The proxy fixes this problem by following two mechanisms:
• Duplicate packet identification: For TSG sent packets, TSG adds its 4-tuple, IPID, acknowledge number, sequence number and timestamp (if applicable) to the Bloom filter. For received packet, TSG will query the Bloom filter with the aforementioned protocol fields. If a packet is considered duplicate, it will be bypassed, if not, it will be delivered to TCP stack.
• Duplicate flow detection: Since not all traffic flows have duplicate packets, do duplicate identification on each packet is a waste of CPU and memory, moreover, it induces performance overhead. Hence, only the TCP flows with duplicate SYN or SYN/ACK packet will conduct duplicate packet identification.
%\pdfbookmark[3]{TCP Stack}{TCP Stack}
\subsubsection*{\hypertarget{link:TCP Stack}{TCP Stack}}
\addcontentsline{toc}{subsubsection}{TCP Stack}
\label{sec:appendix_e:sequence:proxy:TCP}
Opening a TCP connection involves a three-way handshake packets: the client contacts the server, the server acknowledges the client, and the client acknowledges the server.
The proxy’s TCP stack attempts to connect server-side immediately after receiving the client’s initial connection request, but waits to return the server acknowledgement until determining whether or not the server-side connection succeeds.
The TCP stack act as transparent proxy and keep the same TCP connection source and destination IP and ports.
This provides greater transparency, as the client receives either an RST or no response, which mirrors what is sent from a server when connections fail.
%\pdfbookmark[3]{Build SSL Session}{Build SSL Session}
\subsubsection*{\hypertarget{link:Build SSL Session}{Build SSL Session}}
\addcontentsline{toc}{subsubsection}{Build SSL Session}
\label{sec:appendix_e:sequence:proxy:build}
The proxy first builds server-side SSL session, if the server certificate verification is failed, the proxy will sign certificate with untrusted root certificate.
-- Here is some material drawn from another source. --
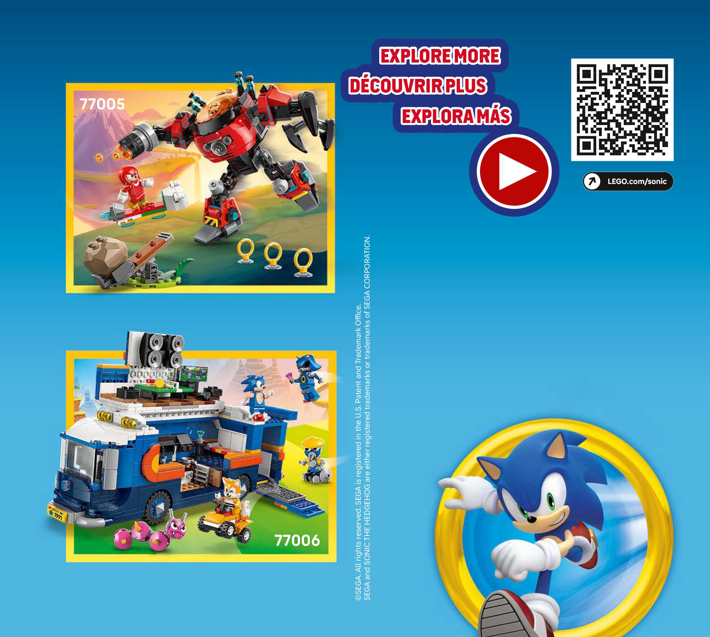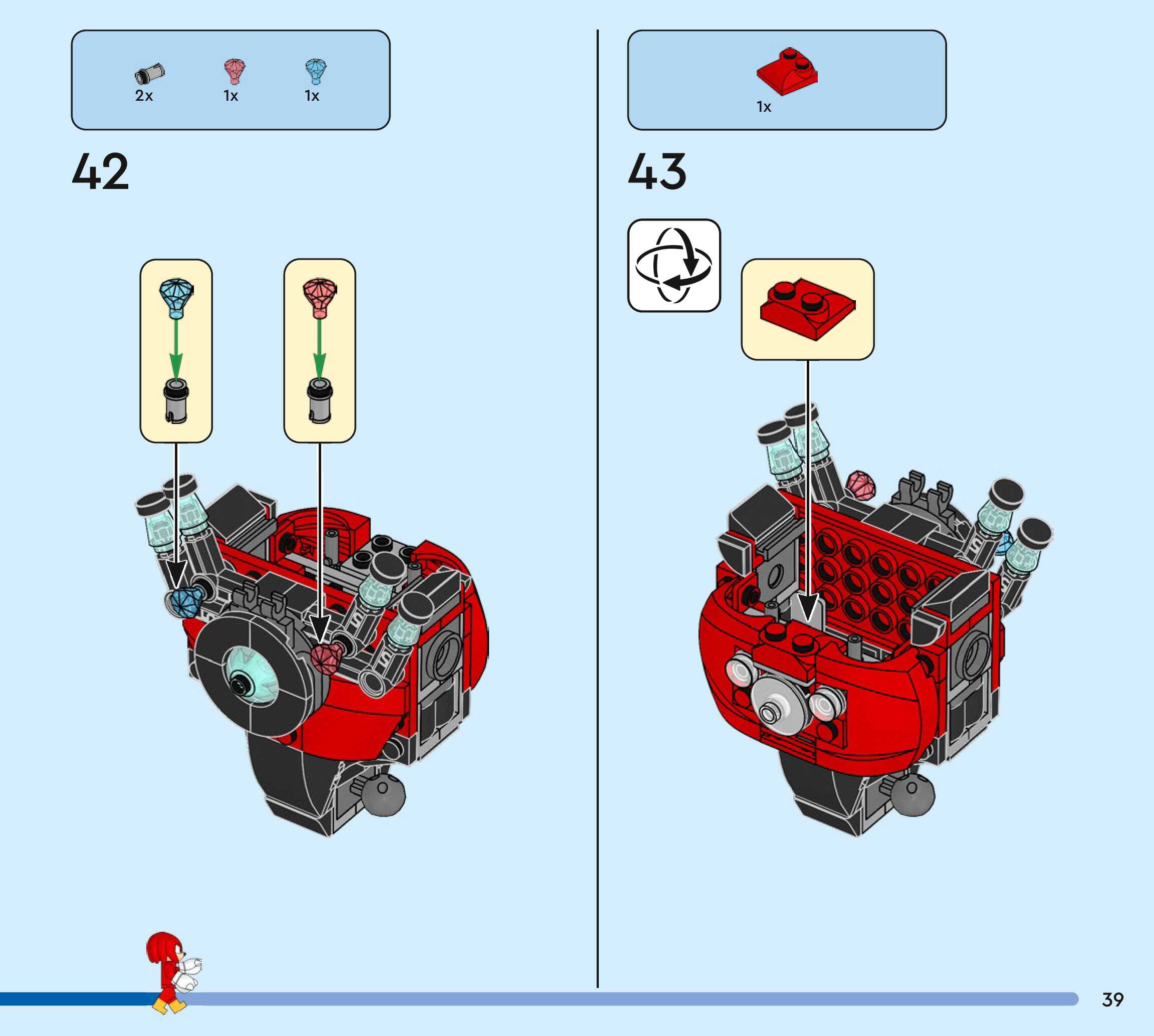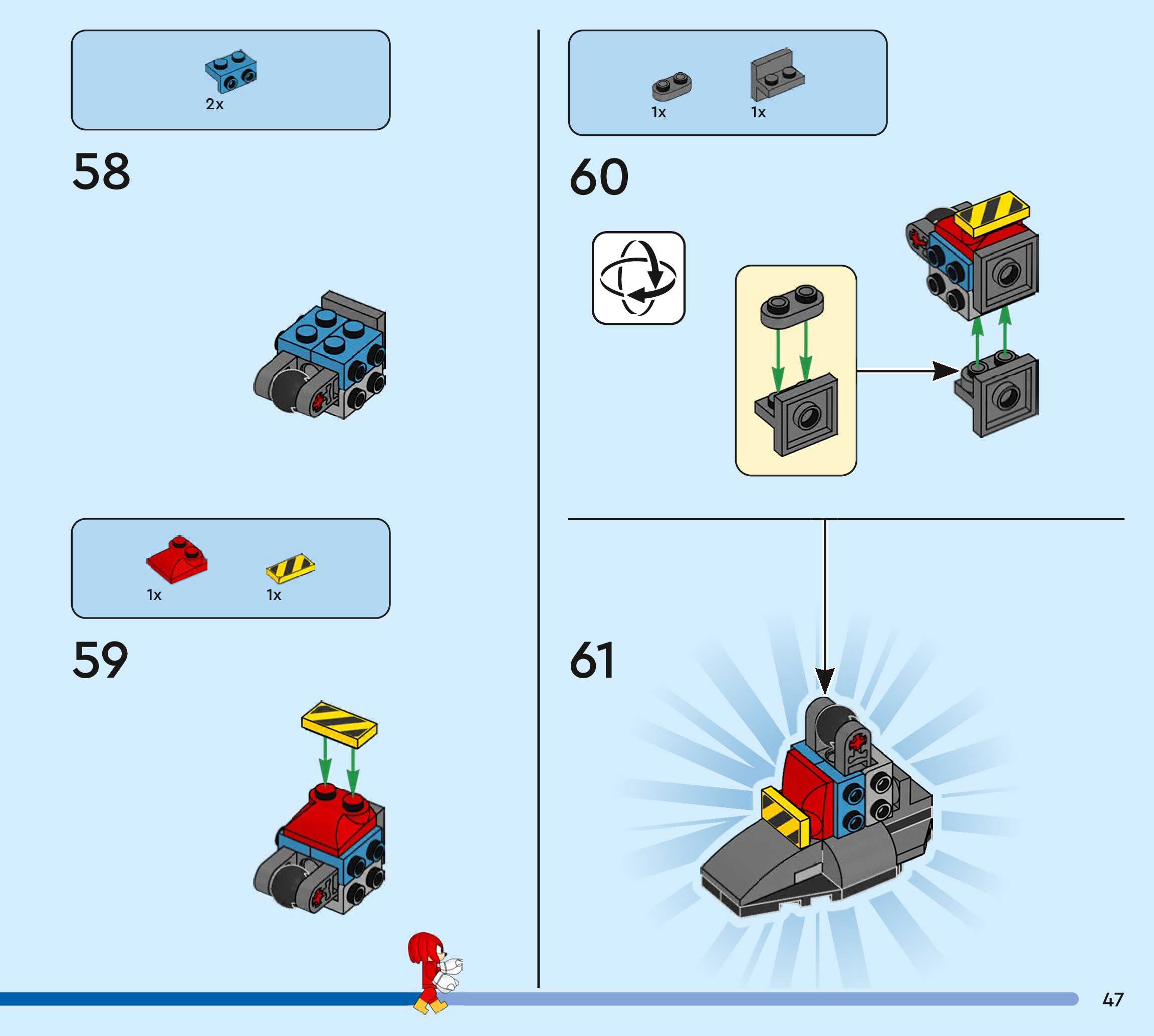This page shares information about LEGO Knuckles vs. Dr. Eggman Egg Crusher Mech manual, LEGO 77005 PDF instructions, LEGO Knuckles vs. Dr. Eggman Egg Crusher Mech building guide online, How to build Knuckles vs. Dr. Eggman Egg Crusher Mech LEGO.

That’s because the proxy wants the untrusted certificate to warn users that they are trying to access potentially unsafe sites.
%\pdfbookmark[3]{Proxy Policy Lookup}{Proxy Policy Lookup}
\subsubsection*{\hypertarget{link:Proxy Policy Lookup}{Proxy Policy Lookup}}
\addcontentsline{toc}{subsubsection}{Proxy Policy Lookup}
\label{sec:appendix_e:sequence:proxy:lookup}
After decode Layer 7 protocols, traffic attributes like HTTP URL, headers are subject to proxy policy lookup, then according action is taken.
%\pdfbookmark[3]{Re-encryption}{Re-encryption}
\subsubsection*{\hypertarget{link:Re-encryption}{Re-encryption}}
\addcontentsline{toc}{subsubsection}{Re-encryption}
\label{sec:appendix_e:sequence:proxy:re-encryption}
The content is compressed and encrypted, and send to egress stage
%\pdfbookmark[2]{Egress Stage}{Egress Stage}
\subsection*{\hypertarget{link:Egress Stage}{Egress Stage}}
\addcontentsline{toc}{subsection}{Egress Stage}
\label{sec:appendix_e:sequence:egress}
The system identifies encapsulation information for the packet, including MAC addresses, VLAN ID and tunnel headers. And find the egress interface.
Finally, the packet is transmitted out of the physical egress interface.